[Brief]: Your task is to find every line of the data that holds the string "supported" and copy it.

[Data under study]:

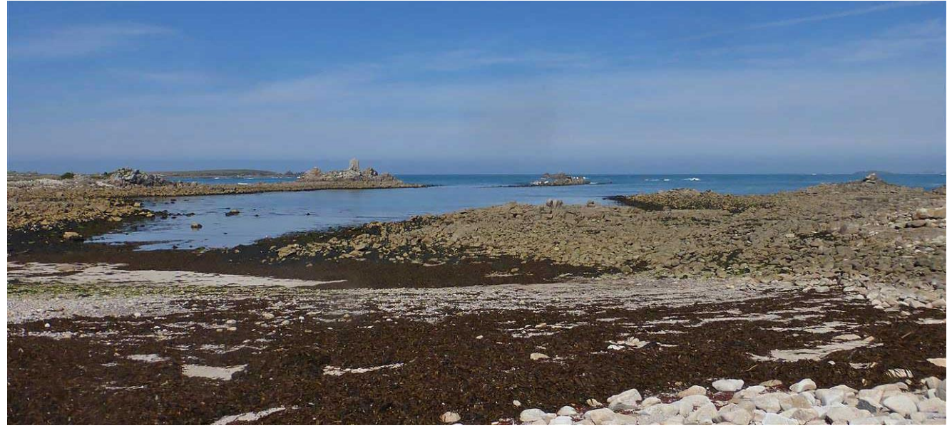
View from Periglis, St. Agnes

---

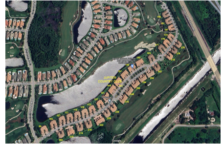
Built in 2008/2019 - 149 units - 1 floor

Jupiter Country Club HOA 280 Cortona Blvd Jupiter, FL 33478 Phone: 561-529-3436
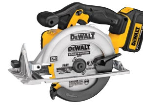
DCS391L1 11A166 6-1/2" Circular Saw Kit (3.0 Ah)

---

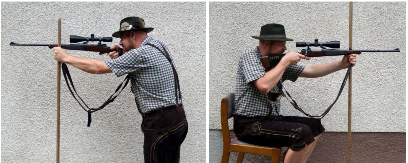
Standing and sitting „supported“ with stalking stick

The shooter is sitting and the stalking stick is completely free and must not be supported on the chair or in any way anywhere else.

[Response for this exercise]:
Standing and sitting „supported“ with stalking stick
The shooter is sitting and the stalking stick is completely free and must not be supported on the chair or in any way anywhere else.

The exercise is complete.